Introduction

The SARS-CoV-2 global pandemic caused major disruptions to medical care in the U.S. Pandemic-associated precautions, such as shelter-in-place (SIP) orders, associated closures of many ambulatory care offices, and the widespread cancelation of elective procedures in anticipation of surges in inpatient admissions resulted in dramatic decreases in outpatient visits. During the 2 weeks in mid-March 2020, when COVID-19 cases started to rise exponentially, outpatient visits across the U.S. declined by an estimated 40% [1].

Several studies have described trends in outpatient care delivery and telemedicine over the course of the pandemic. For example, an analysis of commercial and Medicare Advantage insurance claims from 16 million enrollees showed dramatic decreases in in-person visits, increases in telemedicine visits, and modest drops in overall visits between January and June 2020 (telemedicine and in-person visits combined dropping from 103.5 to 94.1 per 1000 enrollees, a − 9.1% change) [2]. One study examined disruptions in rheumatology care using data from the Arthritis and Rheumatology Associates (AARA) network, which represents approximately 300 full time practicing rheumatology clinicians across 27 states, found a 24% decrease in visits early in the pandemic and exponential growth of telemedicine visits [3].

In this study, we used the American College of Rheumatology’s RISE registry to examine the relationship between pandemic and pre-pandemic visit counts and telemedicine utilization; whether these were affected by state-level shelter-in-place (SIP) orders; and whether patients with face-to-face visits during the pandemic were more likely to be sicker, as measured by disease activity in patients with rheumatoid arthritis (RA).

Methods

Data source

Data were derived from the American College of Rheumatology (ACR)’s Rheumatology Informatics System Effectiveness (RISE) registry.
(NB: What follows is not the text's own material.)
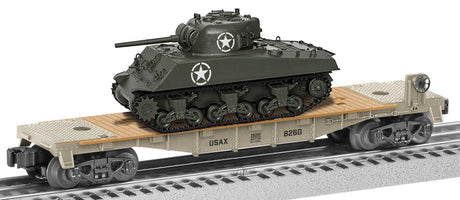 Lionel O Flatcar with Tank Load- 3-Rail - Ready to Run -- U.S. Army (gray, green tank)
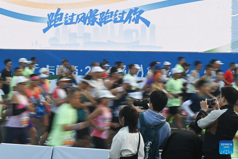 Participants start during the 2024 Hangzhou Marathon in Hangzhou, east China's Zhejiang Province, Nov. 3, 2024. (Xinhua/Huang Zongzhi)

RISE is a national, electronic-health-record (EHR)-enabled registry that passively collects data on all patients seen by participating practices, reducing the selection bias that may be present in more highly selected data sources. As of August 2020, RISE held data from 1214 providers in 233 practices from 40 U.S. states, representing approximately 30% of the U.S. clinical rheumatology workforce. Available data included patient demographics, including 9-digit ZIP code; diagnoses; medications; laboratory results; disease activity scores; and encounter type and dates. Information about RISE practices was also provided.

Study population

Patients included in this study were from practices that participated in RISE from January 2019 through August 2020 (inclusive) and had visit data available throughout (N = 213). To account for the seasonal variation, we compared data from during the pandemic (March–August 2020) to data from the same time period in 2019 (March–August 2019).

Outcomes

Outpatient rheumatology visits

The main outcome in this study was overall visit count at the practice level during each time period (pandemic vs. pre-pandemic) defined as any encounter with a healthcare provider in the RISE practice, exclusive of drug trial visits. We calculated the total number of visits and the number of telemedicine visits for each practice. We then calculated the percentage change in the visit count (for total visits and for telemedicine visits) in 2020 compared to 2019. Telemedicine visits were identified by current procedural terminology (CPT) code (99,441, 99,442, 99,443, 98,966, 98,967 and 98,968) and place of service (POS)/modifiers (GQ, GT, 95 and POS 02) [4]. Initial encounters were identified if a visit was the first visit a patient had recorded within the RISE registry; otherwise, encounters were considered to be follow-up visits.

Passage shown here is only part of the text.